• **THE PROBLEM**
Pictures excluded, return the lines below from the first through the line holding "Match the analog".

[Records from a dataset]
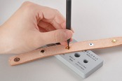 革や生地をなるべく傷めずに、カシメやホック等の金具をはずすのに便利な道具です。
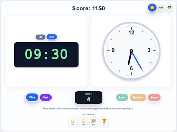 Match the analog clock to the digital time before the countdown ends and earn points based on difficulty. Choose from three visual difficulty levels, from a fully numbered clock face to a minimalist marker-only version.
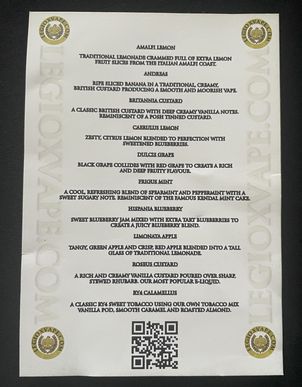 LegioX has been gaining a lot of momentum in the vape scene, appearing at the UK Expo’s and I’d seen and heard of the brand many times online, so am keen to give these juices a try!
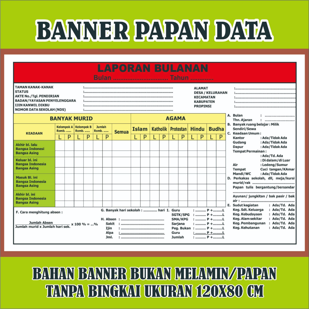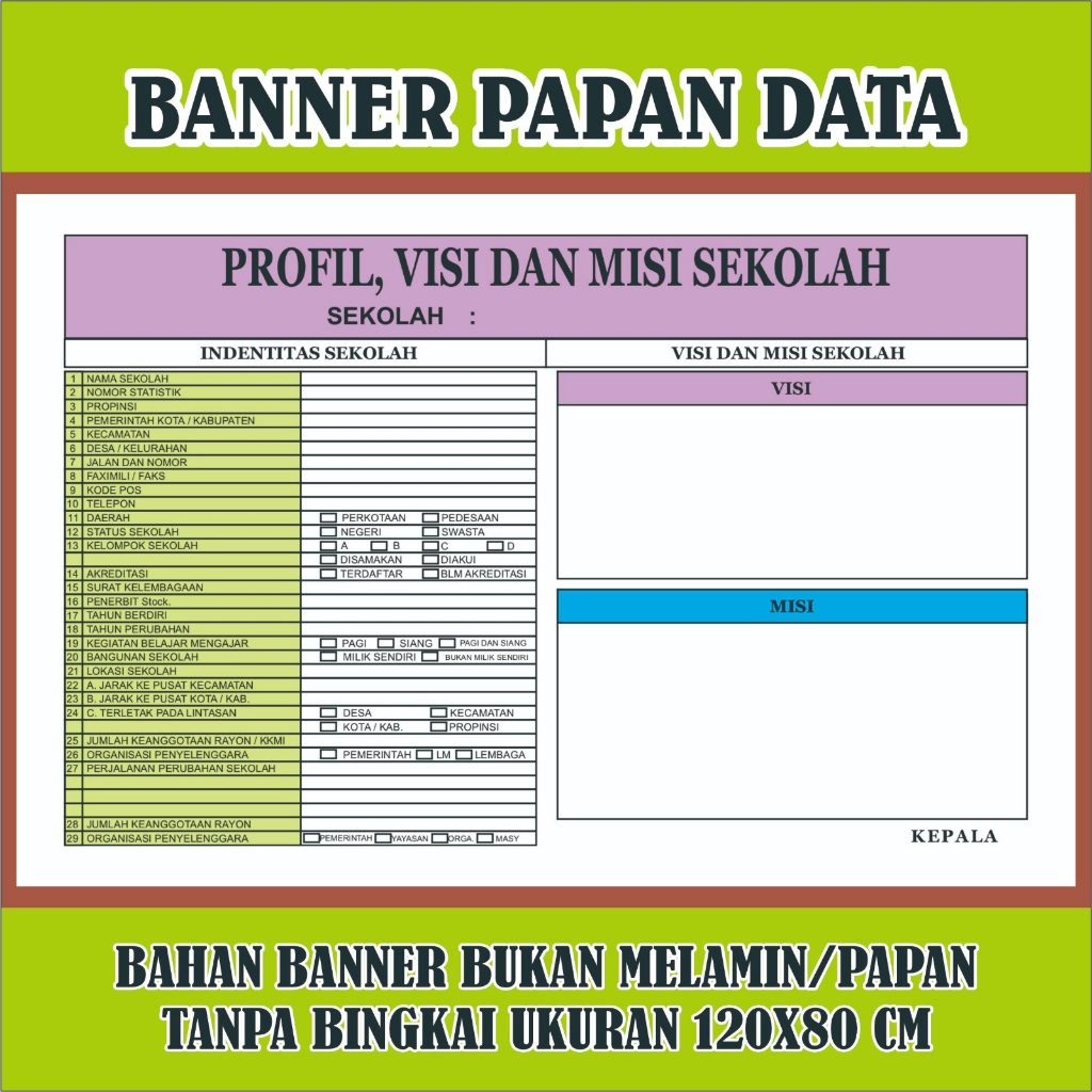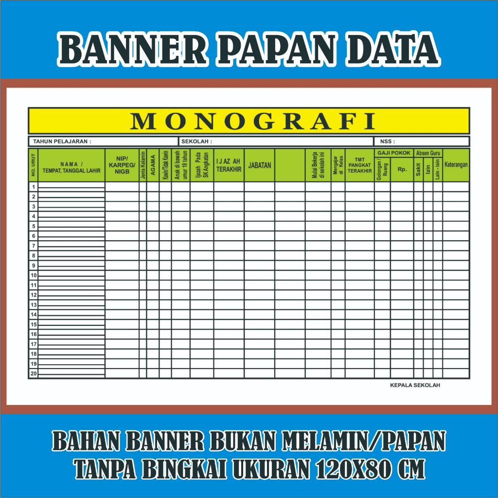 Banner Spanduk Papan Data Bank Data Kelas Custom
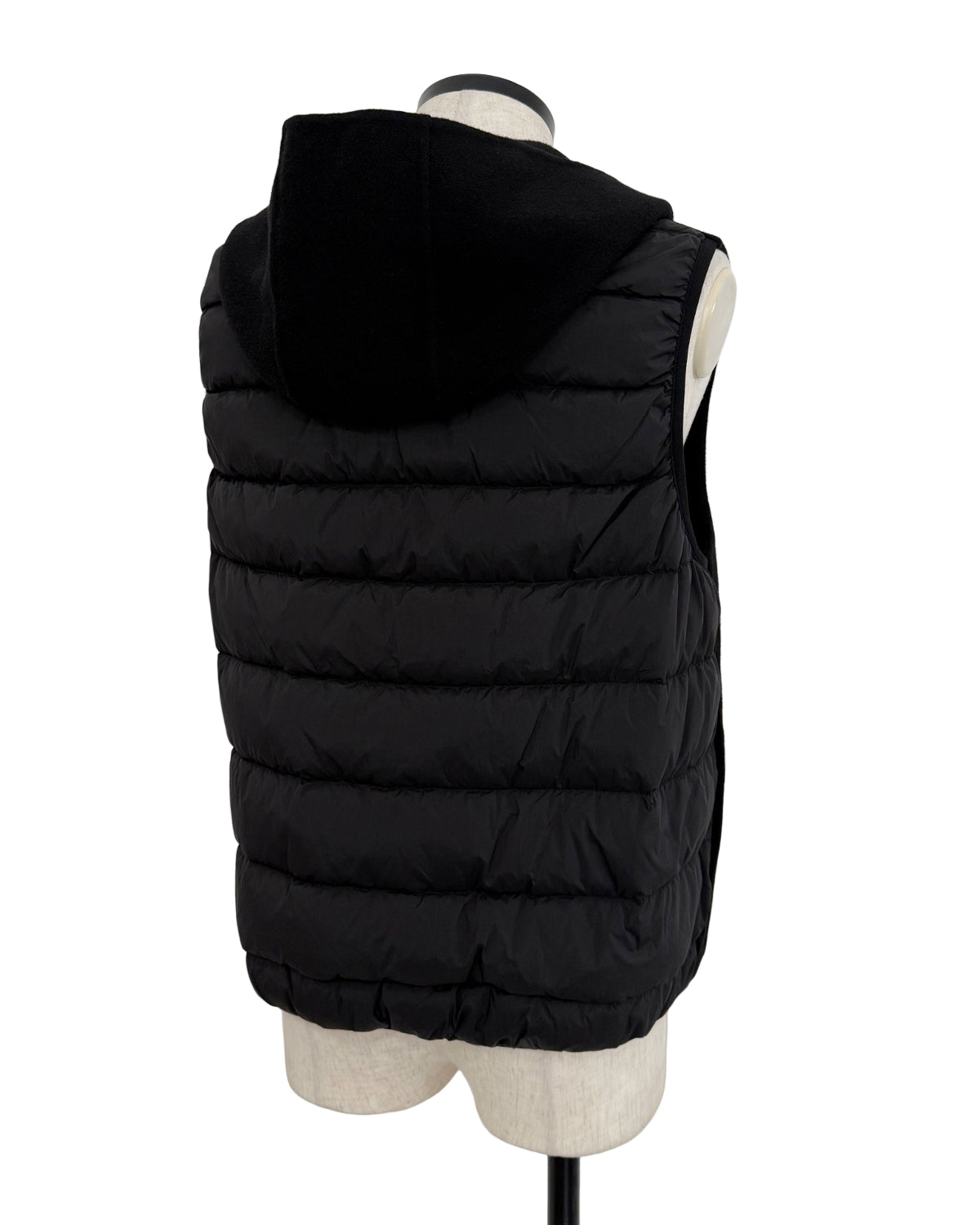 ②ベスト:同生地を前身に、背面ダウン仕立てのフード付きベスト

• **TASK RESULT**
 革や生地をなるべく傷めずに、カシメやホック等の金具をはずすのに便利な道具です。
 Match the analog clock to the digital time before the countdown ends and earn points based on difficulty. Choose from three visual difficulty levels, from a fully numbered clock face to a minimalist marker-only version.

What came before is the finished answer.